[WORK ITEM]:
Write back, word for word, the lines from the one containing "为构建更加开放、多元的教育共" to the end of the listing below. Include nothing else, and no pictures.

[STORED DATA]:
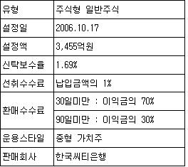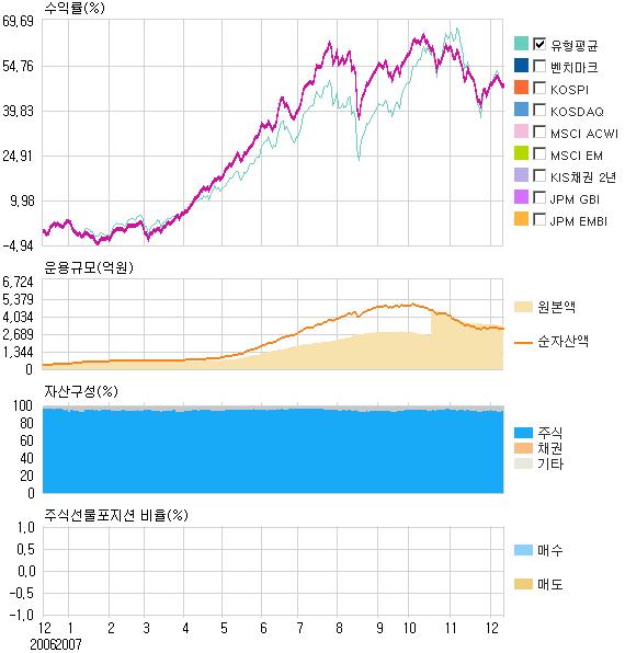 2007³â 9¿ù¸» ±âÁØÀ¸·Î ÆÝµåÀÇ °¡Ä¡ÁÖ ÆíÀÔºñÁßÀº 69.45%·Î ÀϹÝÁÖ½ÄÆÝµåÀÇ À¯ÇüÆò±Õ¿¡ ºñÇØ ³ôÀº ÆíÀÌ´Ù. ÆÝµå´Â ²ÙÁØÈ÷ 90%ÀÌ»ó ÁֽįíÀÔºñÀ²À» À¯ÁöÇϰí ÀÖÀ¸¸ç 2007³â 9¿ù¸» ÇöÀç ÃÑ 91°³ÀÇ Á¾¸ñ¿¡ ºÐ»ê ÅõÀÚÇϰí ÀÖ´Ù. ÀÌ ÆÝµå´Â ÆíÀÔÁ¾¸ñ Àüü¿¡ ´ëÇØ ¾÷Á¾º° ½Ã°¡ºñÁßÀ» °í·ÁÇØ ÀÏÁ¤ºñÀ²·Î ±ÕµîÅõÀÚÇϰí ÀÖ´Ù. ÆíÀÔºñÁß »óÀ§ Á¾¸ñÀº »ï¼º¹°»ê, LGÈÇÐ, Çѱ¹Àü·Â µîÀÌ°í »óÀ§ 10¿©°³ Á¾¸ñÀÇ ÆíÀÔºñ´Â °¢°¢ 3%¸¦ ³ÑÁö ¾Ê´Â´Ù. ÀÌ·± ¿î¿ë¹æ¹ýÀº ÀϺΠÁ¾¸ñ¿¡ ÀÇÇØ ÆÝµåÀÇ ¼º°ú°¡ Á¿ìµÇ´Â °ÍÀ» ¹æÁöÇÏ°í ÆÝµå°¡ °¡Áø °¡Ä¡ÁÖ ½ºÅ¸ÀÏÀ» ¿ÂÀüÈ÷ ÁöÄѳª°¡±â À§ÇÔÀ¸·Î º¼ ¼ö ÀÖ´Ù.
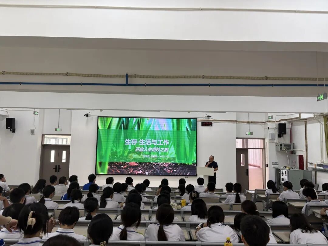 为构建更加开放、多元的教育共同体,促进学生全面发展,2025年10月15日,我校第二期“家长导师进校园”如期举行。本期特邀请广州涉外康复医学院客座教授、学生家长吴梅锋先生,以“生存·生活与工作——开启人生奇妙之旅”为主题,为学生们带来一场兼具理论深度与实践温度的人生规划课。
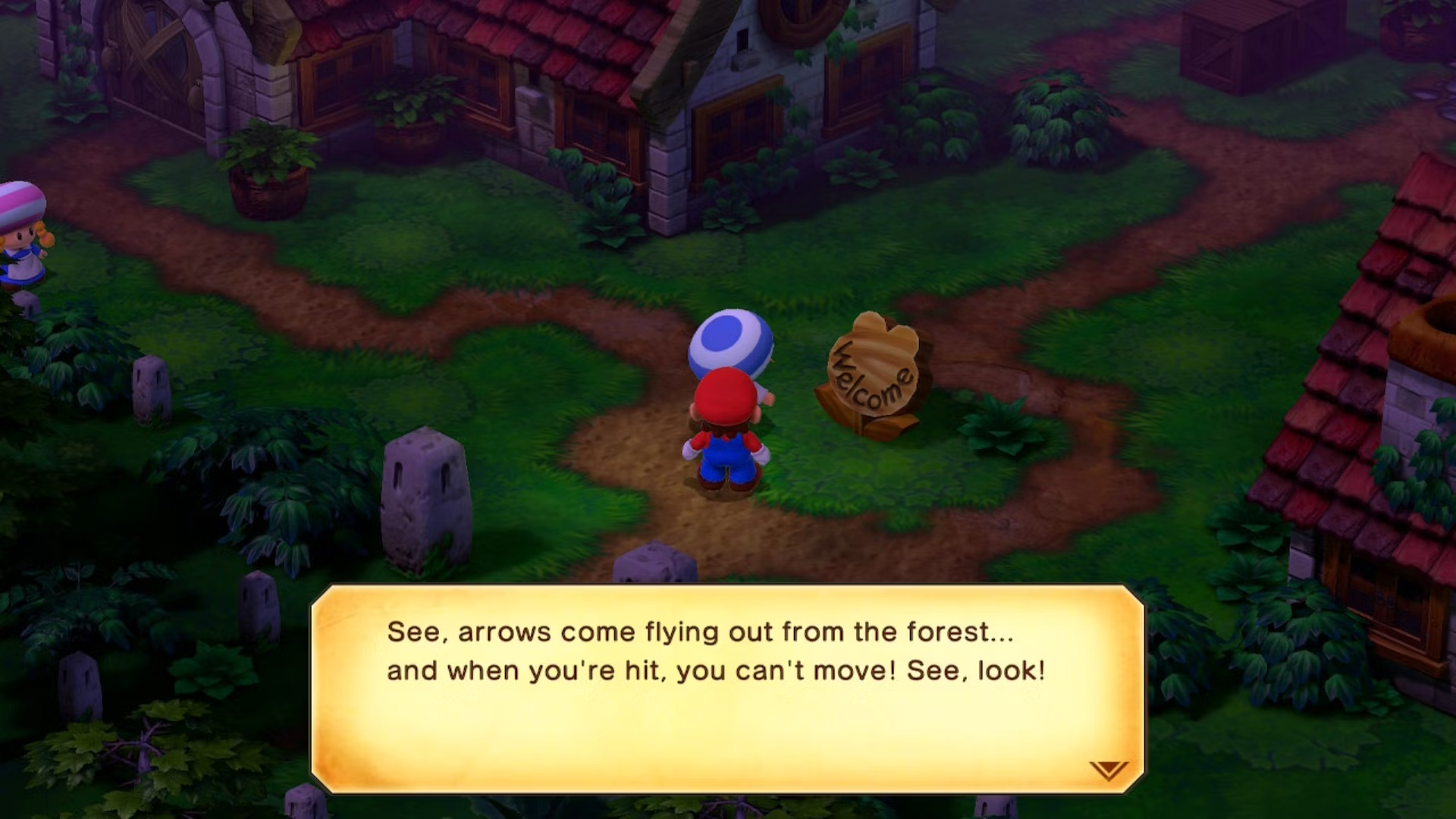 В Super Mario RPG первая часть леса довольно линейна. Продвижение вглубь лесного лабиринта осуществляется через пень, который работает как зеленая труба, ведущая в пещеру, расположенную внизу. Как только игрок попадает на другую сторону, начинается хаос: новые враги в изобилии, а с неба сыплются стрелы, которые замораживают Марио на месте.

[SOLUTION FOR THIS TASK]:
 为构建更加开放、多元的教育共同体,促进学生全面发展,2025年10月15日,我校第二期“家长导师进校园”如期举行。本期特邀请广州涉外康复医学院客座教授、学生家长吴梅锋先生,以“生存·生活与工作——开启人生奇妙之旅”为主题,为学生们带来一场兼具理论深度与实践温度的人生规划课。
 В Super Mario RPG первая часть леса довольно линейна. Продвижение вглубь лесного лабиринта осуществляется через пень, который работает как зеленая труба, ведущая в пещеру, расположенную внизу. Как только игрок попадает на другую сторону, начинается хаос: новые враги в изобилии, а с неба сыплются стрелы, которые замораживают Марио на месте.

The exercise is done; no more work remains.